BEGIN Provided information

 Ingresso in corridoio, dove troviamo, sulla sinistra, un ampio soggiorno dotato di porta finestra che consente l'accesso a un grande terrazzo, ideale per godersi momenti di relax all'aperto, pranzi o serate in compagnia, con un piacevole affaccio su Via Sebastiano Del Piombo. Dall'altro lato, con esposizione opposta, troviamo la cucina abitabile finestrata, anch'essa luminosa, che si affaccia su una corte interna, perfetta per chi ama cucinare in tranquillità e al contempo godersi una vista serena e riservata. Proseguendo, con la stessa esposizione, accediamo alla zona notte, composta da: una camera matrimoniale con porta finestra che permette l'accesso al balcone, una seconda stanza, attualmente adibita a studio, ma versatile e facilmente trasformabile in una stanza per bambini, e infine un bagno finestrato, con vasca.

END Provided information
BEGIN Provided information

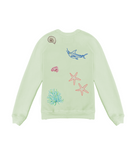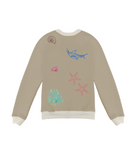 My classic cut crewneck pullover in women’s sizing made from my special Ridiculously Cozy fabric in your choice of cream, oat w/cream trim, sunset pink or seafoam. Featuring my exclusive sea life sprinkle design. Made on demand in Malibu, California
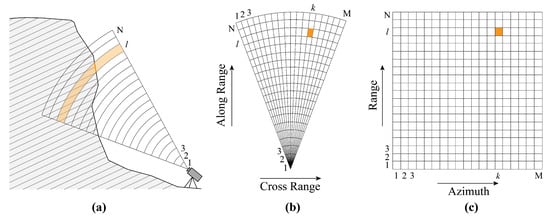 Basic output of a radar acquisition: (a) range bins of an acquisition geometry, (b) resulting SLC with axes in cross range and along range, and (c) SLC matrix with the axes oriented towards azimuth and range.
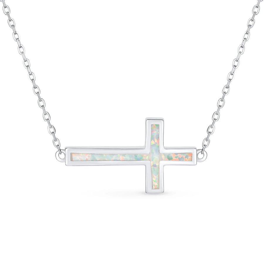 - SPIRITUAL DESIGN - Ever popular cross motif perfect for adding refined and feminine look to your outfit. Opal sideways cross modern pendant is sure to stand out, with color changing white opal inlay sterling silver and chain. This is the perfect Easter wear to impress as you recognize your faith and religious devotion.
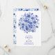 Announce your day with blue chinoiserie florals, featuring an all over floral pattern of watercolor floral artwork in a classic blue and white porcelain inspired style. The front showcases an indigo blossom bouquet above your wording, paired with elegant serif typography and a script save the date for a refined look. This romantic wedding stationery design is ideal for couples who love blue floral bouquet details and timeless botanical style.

END Provided information

* _Task details_: In the records above, everything from the line with "My classic cut" down to the line with "Basic output of" is to be set down exactly, both ends included, with no pictures and no other lines.

* _Written reply_:
 My classic cut crewneck pullover in women’s sizing made from my special Ridiculously Cozy fabric in your choice of cream, oat w/cream trim, sunset pink or seafoam. Featuring my exclusive sea life sprinkle design. Made on demand in Malibu, California
 Basic output of a radar acquisition: (a) range bins of an acquisition geometry, (b) resulting SLC with axes in cross range and along range, and (c) SLC matrix with the axes oriented towards azimuth and range.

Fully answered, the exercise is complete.